Audiences also judge content based on the way they receive it and the platform where they view it. Be platform specific in your messaging. Invest your marketing dollars in places your target audience not only spends time but also trusts. (LinkedIn, for instance, ranked as the most trusted social platform for the 3rd year running , according to a 2019 Business Insider Intelligence Annual Digital Trust Report

4. Deliver

Meet your audience where they are—both psychologically and technologically. As part of adjusting your content strategy, consider whether it may be helpful to shift your usage of various content formats and channels. Now is the time to lean into live and pre-recorded video content, if you are able, and haven’t taken that leap.

Advantages of video:

  • Fewer workplace barriers: Working from home means they may have better time availability and fewer distractions for watching a video, depending on their living situation.
  • Connection: Video can help connect and build a personal feeling in a time where face-to-face communication is lacking.
  • Engagement: LinkedIn data shows that Live videos on LinkedIn drive 7x more reactions and 24x more comments than native videos.

5. Empathize

Spend time truly putting yourself in the shoes of your audience. For many, this has been an incredibly challenging time.

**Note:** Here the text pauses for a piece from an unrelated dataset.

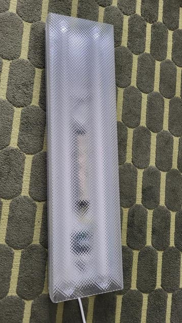 Tl bak met aan/uit stekker. De afmetingen zijn 62x16 cm. Er zit een elektronische ballast in. De lampen zijn zichtbaar in de bak.

Actively listen to pain points, complaints and concerns students and potential students express. Create content to acknowledge concerns, such as the potential need for alternative timelines, balancing childcare, adjusting to working from home, and dealing with health, emotional, and financial struggles.

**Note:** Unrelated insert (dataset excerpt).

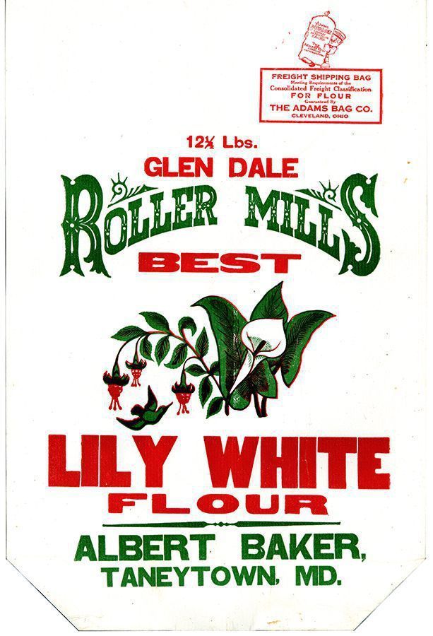 Bag. Paper, 19.375" x 11"; white with red and green printing; at center is large drawing of a white lily. "GLEN DALE ROLLER MILLS BEST LILY WHITE FLOUR ALBERT BAKER TANEYTOWN, MD." At upper right is red is "Freight Shipping Bag Meeting Requirements of the Consolidated Freight Classification For Flour Guaranteed by The Adams Bag Co. Cleveland, Ohio." Never used; insect residue on back but no signs of active infestation.Acquisition

It’s also especially important to humanize your content. Include real people (instead of hypotheticals) as often as possible. Consider content such testimonials, featured alumni contributors, and interviews. According to the 2019 Edelman Trust Barometer Special Report, relatability is twice as important as popularity, meaning that consumers prefer endorsements from those they see as peers above celebrity endorsements. Your audience needs to see themselves— or people like themselves—in your content for it to resonate with them.

Resist pressing pause on messaging or ignoring the current challenges.  Messaging needs to adapt to help your audience understand what you’re offering and how it relates to them now.  These five tips for content can help weather the storm, stay relevant amidst change and create deep, long-term relationships that carry on beyond the current reality.